Mystery novelist Martin Canning, who’s never done a truly courageous thing in his life, has thrown his computer case at the Honda driver, knocking him down and saving Bradley’s life. Brodie doesn’t want to get involved in the accident, but he sees how upset and shocked Canning is by what he’s done. So Brodie gives the author his name and contact information. Then he leaves the crime scene. For his part, Canning feels compelled to accompany Bradley to the hospital to make sure he’ll be all right. What neither Canning nor Brodie knows is that they’re both about to be drawn into a mystery that involves multiple murders, fraud and theft.
Brodie gets drawn into the events because by sheer chance – being in the wrong place at the wrong time – he becomes a suspect in more than one murder related to the car accident. Canning’s brave act and his decision to be a good Samaritan pull him into the web against his will. As the story goes on, things seem to spiral more and more out of control for both men, but in the end, Brodie is able to figure out how the murders are related to the accident he witnessed, and to clear his name.
One of the most interesting and important elements in this novel is the set of characters. Although Jackson Brodie and Martin Canning are the main characters, some of the others are so strong that one could really see this as an “ensemble cast.” What’s especially intriguing is that each of the important characters is in some way connected to the accident that is the focus of the story. Many of the main characters were eyewitnesses to the accident and we follow them throughout the novel. Brodie is a private investigator with a home in France and a ten-year-old daughter whom he loves very much. He’s got several deep scars from the past and is trying to work out where he’s going next in life. Canning, too, is scarred, but he’s a completely different kind of person. Although he’s quite sane, he lives in a dream world, doesn’t like violence at all, and has never done anything really reckless and daring in his life. He’s the last person you could imagine would be hip-deep in murder and intrigue, and in fact he’s pushed far outside his normal world by the events in the story.
Gloria Hatter and her friend Pam also witness the accident. Gloria’s the wife of successful property developer Graham Hatter, and throughout the novel, we see her wit and intelligence as well as her unhappy home life and the scars that have led to it. And then there’s DS Louise Monroe, whose son Archie sees the accident. She and her team get involved professionally when they investigate one of the murders that figure in the story. She’s achieved a certain amount of respect as a woman in what’s still seen as a man’s world. She’s good at her job and devoted to it. However, she, too, has several deep personal wounds that we learn about as the novel goes on.

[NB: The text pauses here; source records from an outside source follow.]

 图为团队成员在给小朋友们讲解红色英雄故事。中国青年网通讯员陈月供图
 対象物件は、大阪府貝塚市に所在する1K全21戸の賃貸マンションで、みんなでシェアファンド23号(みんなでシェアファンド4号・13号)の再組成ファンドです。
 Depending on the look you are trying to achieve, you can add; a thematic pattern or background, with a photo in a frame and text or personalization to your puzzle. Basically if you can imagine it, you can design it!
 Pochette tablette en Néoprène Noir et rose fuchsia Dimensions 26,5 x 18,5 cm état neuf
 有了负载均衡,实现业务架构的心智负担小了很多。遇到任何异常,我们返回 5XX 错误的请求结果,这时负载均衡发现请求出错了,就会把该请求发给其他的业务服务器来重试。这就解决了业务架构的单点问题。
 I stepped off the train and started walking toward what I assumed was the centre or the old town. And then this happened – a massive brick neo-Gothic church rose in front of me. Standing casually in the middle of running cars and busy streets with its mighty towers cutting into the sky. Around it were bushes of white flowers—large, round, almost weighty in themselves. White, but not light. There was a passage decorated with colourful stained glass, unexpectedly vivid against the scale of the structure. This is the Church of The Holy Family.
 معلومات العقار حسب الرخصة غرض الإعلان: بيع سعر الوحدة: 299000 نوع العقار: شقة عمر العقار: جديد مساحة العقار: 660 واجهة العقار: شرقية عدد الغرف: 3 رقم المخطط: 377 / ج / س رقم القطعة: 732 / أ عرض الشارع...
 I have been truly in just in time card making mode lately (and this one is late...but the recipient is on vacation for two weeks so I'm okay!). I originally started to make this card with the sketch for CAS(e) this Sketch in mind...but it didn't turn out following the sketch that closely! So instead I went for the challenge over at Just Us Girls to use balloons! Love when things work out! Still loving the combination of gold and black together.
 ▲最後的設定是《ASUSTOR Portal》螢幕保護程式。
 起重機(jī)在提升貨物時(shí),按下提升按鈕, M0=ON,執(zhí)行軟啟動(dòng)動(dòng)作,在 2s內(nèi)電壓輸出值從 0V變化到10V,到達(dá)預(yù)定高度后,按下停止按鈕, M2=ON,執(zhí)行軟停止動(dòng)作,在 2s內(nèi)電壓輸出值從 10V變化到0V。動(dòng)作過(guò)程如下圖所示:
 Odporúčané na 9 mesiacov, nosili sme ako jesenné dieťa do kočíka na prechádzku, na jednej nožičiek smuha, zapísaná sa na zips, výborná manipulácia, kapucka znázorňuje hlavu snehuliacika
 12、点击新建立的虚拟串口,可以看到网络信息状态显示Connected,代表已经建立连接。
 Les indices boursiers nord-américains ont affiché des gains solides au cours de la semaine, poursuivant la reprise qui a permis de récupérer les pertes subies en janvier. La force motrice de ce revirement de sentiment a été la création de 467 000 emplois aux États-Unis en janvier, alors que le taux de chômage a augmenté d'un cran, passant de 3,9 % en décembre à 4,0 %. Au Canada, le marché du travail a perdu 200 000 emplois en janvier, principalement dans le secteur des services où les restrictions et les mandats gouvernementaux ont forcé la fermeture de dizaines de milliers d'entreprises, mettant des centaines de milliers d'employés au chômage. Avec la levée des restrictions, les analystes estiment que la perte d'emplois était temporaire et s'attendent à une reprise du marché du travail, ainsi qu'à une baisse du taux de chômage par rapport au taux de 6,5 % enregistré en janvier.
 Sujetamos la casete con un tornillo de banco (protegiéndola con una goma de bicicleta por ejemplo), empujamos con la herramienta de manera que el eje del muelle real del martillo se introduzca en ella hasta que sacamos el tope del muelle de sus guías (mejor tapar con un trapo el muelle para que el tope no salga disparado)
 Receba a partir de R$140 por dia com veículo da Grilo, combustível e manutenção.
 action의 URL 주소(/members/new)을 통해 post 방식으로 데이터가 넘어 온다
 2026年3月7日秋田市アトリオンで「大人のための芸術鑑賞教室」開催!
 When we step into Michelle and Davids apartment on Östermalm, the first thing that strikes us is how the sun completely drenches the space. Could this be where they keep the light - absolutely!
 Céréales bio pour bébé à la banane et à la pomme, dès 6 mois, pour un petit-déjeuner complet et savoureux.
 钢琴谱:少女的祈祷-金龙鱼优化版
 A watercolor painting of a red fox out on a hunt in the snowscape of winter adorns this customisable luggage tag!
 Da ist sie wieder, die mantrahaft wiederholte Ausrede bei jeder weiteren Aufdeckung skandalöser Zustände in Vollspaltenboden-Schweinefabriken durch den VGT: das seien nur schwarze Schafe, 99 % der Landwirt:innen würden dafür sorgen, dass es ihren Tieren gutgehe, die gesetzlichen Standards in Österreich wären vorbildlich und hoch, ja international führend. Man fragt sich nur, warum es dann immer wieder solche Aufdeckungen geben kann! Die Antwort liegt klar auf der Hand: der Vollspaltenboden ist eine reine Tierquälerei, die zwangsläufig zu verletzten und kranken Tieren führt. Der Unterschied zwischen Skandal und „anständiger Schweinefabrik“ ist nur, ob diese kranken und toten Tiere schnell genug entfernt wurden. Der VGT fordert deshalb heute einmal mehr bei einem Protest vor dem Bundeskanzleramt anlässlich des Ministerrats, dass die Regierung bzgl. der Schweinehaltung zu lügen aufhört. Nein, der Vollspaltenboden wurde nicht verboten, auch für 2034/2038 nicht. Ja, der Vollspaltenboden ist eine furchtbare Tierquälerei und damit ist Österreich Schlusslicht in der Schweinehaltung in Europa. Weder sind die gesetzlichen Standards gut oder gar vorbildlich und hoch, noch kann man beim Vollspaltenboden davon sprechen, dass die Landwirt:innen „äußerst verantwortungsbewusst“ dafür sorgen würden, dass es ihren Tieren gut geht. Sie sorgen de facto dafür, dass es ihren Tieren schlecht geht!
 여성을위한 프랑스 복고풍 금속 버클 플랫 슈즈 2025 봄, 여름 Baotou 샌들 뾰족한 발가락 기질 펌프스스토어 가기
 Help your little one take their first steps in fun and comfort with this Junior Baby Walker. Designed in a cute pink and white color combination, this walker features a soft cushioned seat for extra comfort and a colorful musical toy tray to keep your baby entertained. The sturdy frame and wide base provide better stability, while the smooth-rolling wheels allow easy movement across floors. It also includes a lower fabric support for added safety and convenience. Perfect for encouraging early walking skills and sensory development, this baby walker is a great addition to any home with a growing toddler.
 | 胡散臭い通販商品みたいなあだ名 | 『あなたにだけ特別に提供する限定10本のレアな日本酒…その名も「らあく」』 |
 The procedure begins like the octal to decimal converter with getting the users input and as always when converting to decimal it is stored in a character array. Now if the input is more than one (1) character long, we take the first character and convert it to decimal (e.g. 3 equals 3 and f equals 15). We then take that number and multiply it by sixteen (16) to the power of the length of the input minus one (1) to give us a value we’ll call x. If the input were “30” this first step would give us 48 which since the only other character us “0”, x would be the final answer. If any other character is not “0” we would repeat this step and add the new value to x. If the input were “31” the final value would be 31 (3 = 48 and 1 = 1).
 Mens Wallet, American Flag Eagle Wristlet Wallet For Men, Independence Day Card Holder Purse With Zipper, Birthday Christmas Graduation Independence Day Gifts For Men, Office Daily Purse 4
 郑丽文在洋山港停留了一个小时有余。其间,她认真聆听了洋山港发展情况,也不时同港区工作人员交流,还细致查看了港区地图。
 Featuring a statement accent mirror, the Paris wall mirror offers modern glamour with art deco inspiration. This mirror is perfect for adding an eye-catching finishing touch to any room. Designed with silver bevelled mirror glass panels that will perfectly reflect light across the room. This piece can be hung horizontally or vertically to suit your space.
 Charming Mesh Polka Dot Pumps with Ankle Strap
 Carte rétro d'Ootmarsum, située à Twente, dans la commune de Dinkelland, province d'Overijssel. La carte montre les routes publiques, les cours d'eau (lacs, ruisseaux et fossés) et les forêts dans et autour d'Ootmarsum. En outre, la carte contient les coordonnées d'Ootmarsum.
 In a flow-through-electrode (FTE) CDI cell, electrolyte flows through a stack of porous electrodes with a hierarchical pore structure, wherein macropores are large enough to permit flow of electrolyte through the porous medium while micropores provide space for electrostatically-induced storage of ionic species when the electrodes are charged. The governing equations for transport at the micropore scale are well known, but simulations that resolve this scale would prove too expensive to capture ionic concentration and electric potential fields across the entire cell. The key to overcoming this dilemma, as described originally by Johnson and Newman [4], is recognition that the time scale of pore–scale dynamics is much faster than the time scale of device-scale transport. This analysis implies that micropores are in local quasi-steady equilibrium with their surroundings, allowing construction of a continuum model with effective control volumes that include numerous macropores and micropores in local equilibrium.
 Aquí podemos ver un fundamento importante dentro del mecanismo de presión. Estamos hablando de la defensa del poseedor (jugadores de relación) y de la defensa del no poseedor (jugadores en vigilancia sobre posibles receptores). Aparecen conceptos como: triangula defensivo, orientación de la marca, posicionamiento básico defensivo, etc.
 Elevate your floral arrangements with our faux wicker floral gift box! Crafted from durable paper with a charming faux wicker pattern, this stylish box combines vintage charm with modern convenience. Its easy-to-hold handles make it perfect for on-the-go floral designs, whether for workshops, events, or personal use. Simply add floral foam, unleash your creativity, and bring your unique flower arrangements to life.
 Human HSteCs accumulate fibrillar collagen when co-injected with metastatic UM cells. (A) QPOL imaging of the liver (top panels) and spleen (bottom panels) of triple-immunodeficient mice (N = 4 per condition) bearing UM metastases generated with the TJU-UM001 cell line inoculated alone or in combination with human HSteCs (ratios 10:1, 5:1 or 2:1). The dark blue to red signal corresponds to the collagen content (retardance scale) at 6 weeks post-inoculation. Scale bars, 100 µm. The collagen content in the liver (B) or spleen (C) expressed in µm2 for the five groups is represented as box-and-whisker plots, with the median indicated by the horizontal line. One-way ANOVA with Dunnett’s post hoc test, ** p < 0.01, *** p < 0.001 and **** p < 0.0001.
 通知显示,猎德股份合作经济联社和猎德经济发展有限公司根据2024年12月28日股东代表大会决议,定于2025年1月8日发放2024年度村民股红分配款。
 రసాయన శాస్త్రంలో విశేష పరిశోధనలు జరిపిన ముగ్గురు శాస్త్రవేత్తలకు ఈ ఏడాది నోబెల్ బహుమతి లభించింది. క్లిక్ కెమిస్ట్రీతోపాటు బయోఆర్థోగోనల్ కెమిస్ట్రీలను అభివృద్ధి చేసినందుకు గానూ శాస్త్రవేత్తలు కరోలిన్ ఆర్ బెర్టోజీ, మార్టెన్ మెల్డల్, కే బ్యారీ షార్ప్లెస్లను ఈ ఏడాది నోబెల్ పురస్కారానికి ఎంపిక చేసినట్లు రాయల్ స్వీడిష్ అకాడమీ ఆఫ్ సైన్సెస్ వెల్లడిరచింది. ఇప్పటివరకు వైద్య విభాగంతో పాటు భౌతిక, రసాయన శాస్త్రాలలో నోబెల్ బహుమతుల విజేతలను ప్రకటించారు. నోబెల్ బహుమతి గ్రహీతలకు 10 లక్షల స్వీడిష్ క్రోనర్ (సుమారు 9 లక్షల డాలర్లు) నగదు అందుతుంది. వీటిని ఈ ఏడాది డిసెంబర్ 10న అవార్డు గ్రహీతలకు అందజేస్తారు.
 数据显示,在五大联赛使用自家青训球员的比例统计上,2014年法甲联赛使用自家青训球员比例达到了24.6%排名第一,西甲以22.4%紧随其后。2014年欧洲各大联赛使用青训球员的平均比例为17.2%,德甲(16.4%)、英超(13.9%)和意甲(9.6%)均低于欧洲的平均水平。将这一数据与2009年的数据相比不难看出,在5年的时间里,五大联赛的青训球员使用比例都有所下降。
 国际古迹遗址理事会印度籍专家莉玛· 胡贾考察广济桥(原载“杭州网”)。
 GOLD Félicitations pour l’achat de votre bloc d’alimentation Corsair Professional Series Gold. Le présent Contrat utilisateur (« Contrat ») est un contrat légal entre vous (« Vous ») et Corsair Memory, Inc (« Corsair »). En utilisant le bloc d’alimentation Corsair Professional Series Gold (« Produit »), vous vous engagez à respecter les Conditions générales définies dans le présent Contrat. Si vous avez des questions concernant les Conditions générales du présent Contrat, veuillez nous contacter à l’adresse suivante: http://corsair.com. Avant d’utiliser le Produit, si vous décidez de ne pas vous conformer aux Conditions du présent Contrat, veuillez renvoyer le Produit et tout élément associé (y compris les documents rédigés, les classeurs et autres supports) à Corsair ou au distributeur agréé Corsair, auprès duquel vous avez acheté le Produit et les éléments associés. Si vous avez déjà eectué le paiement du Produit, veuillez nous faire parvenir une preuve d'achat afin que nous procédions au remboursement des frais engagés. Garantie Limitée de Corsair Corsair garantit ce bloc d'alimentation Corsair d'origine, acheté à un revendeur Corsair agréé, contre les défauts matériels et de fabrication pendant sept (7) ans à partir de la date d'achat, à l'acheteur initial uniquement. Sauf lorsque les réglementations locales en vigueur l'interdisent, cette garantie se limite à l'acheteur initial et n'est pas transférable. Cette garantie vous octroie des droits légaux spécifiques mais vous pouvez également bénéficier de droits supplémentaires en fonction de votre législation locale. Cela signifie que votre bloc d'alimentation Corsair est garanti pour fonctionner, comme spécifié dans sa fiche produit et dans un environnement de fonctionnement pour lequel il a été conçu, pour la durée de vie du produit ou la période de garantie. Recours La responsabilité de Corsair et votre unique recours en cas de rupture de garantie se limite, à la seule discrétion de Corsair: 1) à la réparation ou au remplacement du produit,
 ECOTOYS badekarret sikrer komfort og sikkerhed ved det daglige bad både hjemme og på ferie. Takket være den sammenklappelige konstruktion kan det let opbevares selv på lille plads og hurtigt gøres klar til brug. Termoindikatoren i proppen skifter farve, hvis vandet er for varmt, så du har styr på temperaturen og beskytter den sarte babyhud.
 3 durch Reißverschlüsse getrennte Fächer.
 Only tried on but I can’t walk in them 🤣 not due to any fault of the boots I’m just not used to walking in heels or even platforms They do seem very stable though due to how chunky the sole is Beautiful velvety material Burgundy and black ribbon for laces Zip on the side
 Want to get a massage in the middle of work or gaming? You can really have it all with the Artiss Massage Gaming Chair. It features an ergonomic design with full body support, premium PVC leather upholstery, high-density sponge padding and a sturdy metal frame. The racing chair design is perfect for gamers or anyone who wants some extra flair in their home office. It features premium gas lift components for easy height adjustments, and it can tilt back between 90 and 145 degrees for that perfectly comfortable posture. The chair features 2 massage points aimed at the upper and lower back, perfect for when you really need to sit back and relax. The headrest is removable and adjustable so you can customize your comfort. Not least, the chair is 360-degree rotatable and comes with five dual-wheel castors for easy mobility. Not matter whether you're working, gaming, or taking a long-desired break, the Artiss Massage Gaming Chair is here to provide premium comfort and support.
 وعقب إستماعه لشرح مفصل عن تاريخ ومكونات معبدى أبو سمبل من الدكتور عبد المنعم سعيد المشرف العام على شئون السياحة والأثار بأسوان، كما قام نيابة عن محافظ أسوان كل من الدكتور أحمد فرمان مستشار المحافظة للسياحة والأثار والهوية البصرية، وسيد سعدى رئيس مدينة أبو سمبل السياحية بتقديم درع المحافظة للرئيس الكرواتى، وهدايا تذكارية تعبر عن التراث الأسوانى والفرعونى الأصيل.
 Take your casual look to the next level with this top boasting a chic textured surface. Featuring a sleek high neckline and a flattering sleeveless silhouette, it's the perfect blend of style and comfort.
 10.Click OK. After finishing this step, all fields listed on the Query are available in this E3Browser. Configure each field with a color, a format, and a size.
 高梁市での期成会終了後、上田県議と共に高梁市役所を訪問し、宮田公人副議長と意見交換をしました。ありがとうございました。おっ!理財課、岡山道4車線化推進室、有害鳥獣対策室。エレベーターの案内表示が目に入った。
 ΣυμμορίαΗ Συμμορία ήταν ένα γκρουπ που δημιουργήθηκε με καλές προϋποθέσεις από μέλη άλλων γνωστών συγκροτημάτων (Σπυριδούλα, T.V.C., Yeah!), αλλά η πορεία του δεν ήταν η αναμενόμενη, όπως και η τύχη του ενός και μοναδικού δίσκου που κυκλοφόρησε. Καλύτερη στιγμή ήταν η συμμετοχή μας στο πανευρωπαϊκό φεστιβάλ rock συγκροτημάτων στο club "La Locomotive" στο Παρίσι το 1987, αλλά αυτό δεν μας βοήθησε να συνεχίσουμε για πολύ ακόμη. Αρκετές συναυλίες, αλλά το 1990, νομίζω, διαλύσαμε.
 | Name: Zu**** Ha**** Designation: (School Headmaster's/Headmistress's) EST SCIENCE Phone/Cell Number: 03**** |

There are several more characters, too, who figure in the story, and all of the characters’ lives intersect in more than one way. I don’t want to give away spoilers, so I’ll just offer a few examples. At the time of the car accident, Gloria Hatter and her friend Pam are waiting to see a lunchtime comedy radio broadcast. The featured comic is Richard Mott, who happens to be Martin Canning’s housemate (an interesting story in itself). Canning is also waiting for that same broadcast, as Mott has seen to it that he got a ticket. Jackson Brodie’s girlfriend Julia is acquainted with Mott and gets Brodie a ticket to Mott’s evening performance, so in that way, Mott and Brodie’s lives intersect, too. Gloria Hatter’s friend Pam is a crime fiction fan who, later in the novel, attends an author panel at which Canning appears. In fact, the way our lives are intertwined is an important theme in this novel.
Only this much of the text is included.